Let $W_{1}$ and $W_{2}$ be subspaces of a finite-dimensional vector space $V$. Determine necessary and sufficient conditions on $W_{1}$ and $W_{2}$ so that $\dim(W_{1}\cap W_{2}) = \dim W_{1}$.
MY ATTEMPT
The necessary and sufficient condition is given by $W_{1}\subseteq W_{2}$.
We can consider a basis $\mathcal{B}_{12} = \{w_{1},w_{2},\ldots,w_{k}\}$ for $W_{1}\cap W_{2}$. Then it is possible to extend it to a basis $\mathcal{B}_{1} = \{w_{1},\ldots,w_{k},\ldots,w_{m}\}$ for $W_{1}$ and a basis $\mathcal{B}_{2} = \{w_{1},\ldots,w_{k},\ldots,w_{n}\}$ for $W_{2}$
But, according to the given hypothesis, $k = m$. Thus $\mathcal{B}_{1} = \mathcal{B}_{12}$. In other words, one has that
\begin{align*}
W_{1} = \text{span}(\mathcal{B}_{1}) = \text{span}(\mathcal{B}_{12}) \subseteq \text{span}(\mathcal{B}_{2}) = W_{2}
\end{align*}
just as desired.
The converse implication is clear. Indeed, if $W_{1}\subseteq W_{2}$, then $W_{1}\cap W_{2} = W_{1}$ and the condition on the dimensions holds.
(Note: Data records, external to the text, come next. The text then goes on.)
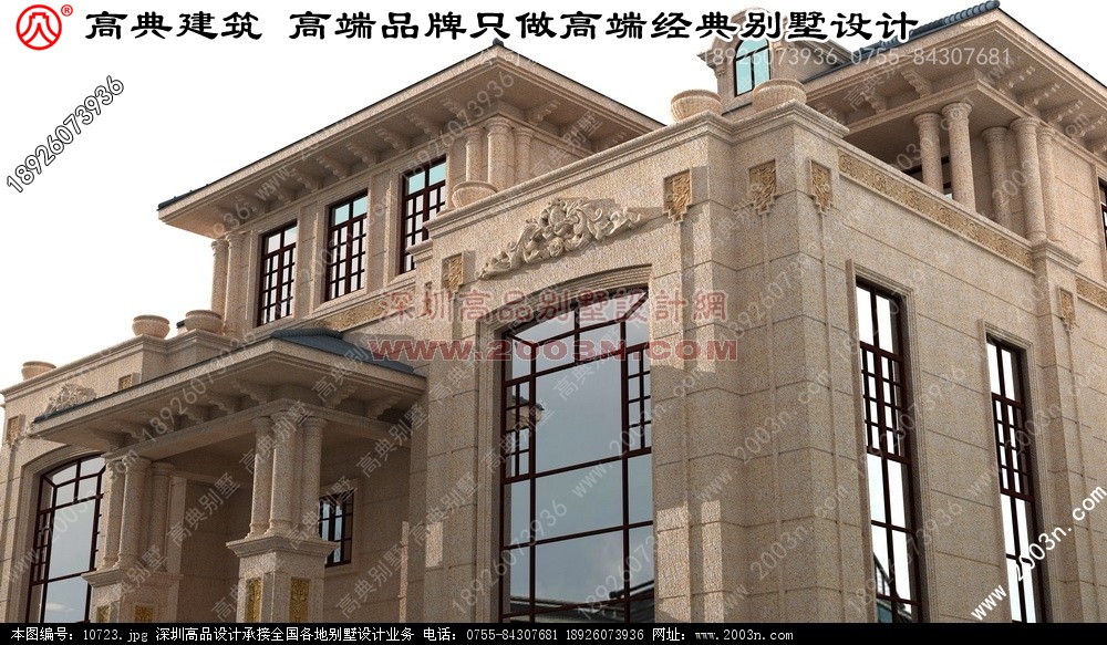 广东省纯石材新欧式别墅外观效果图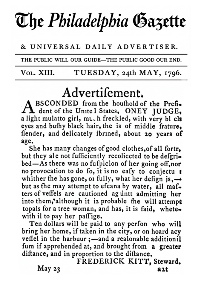 In the meantime, I spent the first day of Black History Month at the President’s House Site. I posted the “runaway slave” ad that Frederick Kitt, steward of the presidential household, placed in the Philadelphia Gazette & Universal Daily Advertiser offering a ten-dollar reward for the return of Oney Judge who “absconded from the household of the President of the United States.”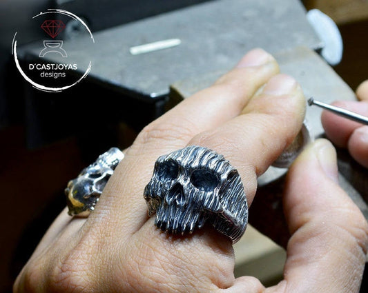 Totenkopfring aus massivem Silber, Ring mit Baumrindentexturen, Waldschädelring, Herrenschmuck, handgefertigt, Memento Mori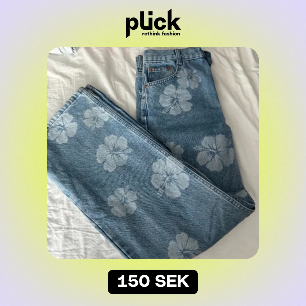 Snygga och annorlunda jeans från zara med blommor på. Säljer pga att de är för små för mig nu. Sparsamt använda. Super fina till vår/sommar.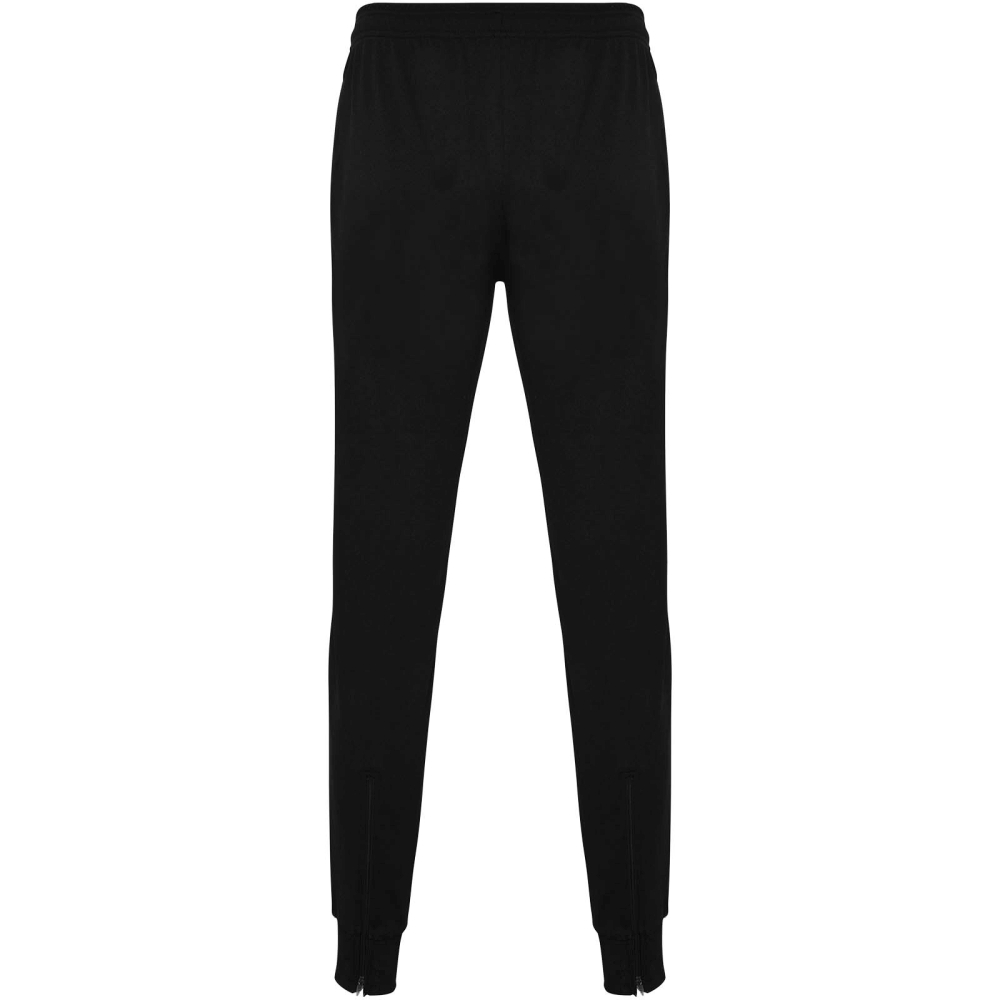 Kalhoty s nastavitelným elastickým pasem s vnitřní stahovací šňůrkou. Boční kapsy. Manžety a zip na spodní části nohavic. Odnímatelný štítek.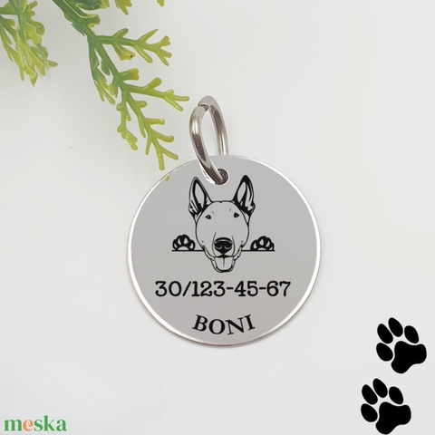 Bull terrier kutyabiléta saját kutyád nevével, telefonszámmal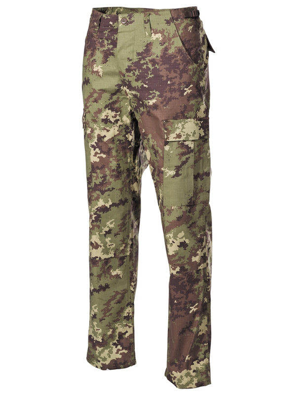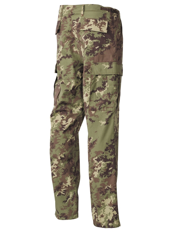 US bojové nohavice BDU, materiál Rip Stop, vegetato. Klasické US ARMY nohavice v originálnom dizajne majú dve bočné vrecká, dve zadné s klopou a dve bočné s príklopkou na nohe. Nohavice na utiahnutie, nastaviteľný pás, dvojitá kolena, zapínanie na gombíky, materiál: 100% bavlna
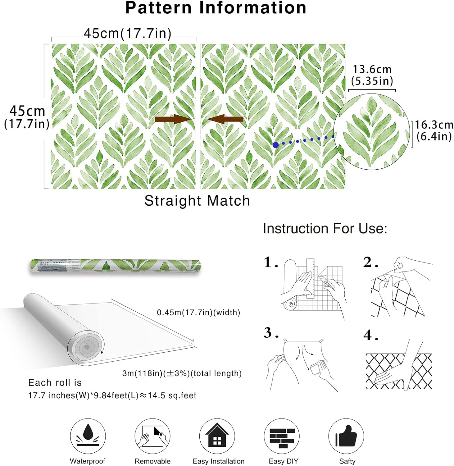 PATTERN REPEAT: H17.7″ x W17.7″ (H45cm x W45cm), straight Match. First to find the correct pattern repeat and then just directly match without overlap, it’s very easy for beginner who never did peel and stick wallpaper before.

Can someone double-check my arguments?
Best Answer
Your argument is correct.
Perhaps a more straightforward way (in my opinion) is using the fact that $$\dim(W_1\cup W_2) = \dim(W_1)+\dim(W_2)-\dim(W_1\cap W_2).$$ If $\dim(W_1)=\dim(W_1\cap W_2)$, then this becomes $$\dim(W_1\cup W_2) = \dim(W_2),$$ and since $W_1\cup W_2\supseteq W_2$, then $W_1\cup W_2=W_2$, i.e., $W_2\supseteq W_1$ (because they are linear spaces).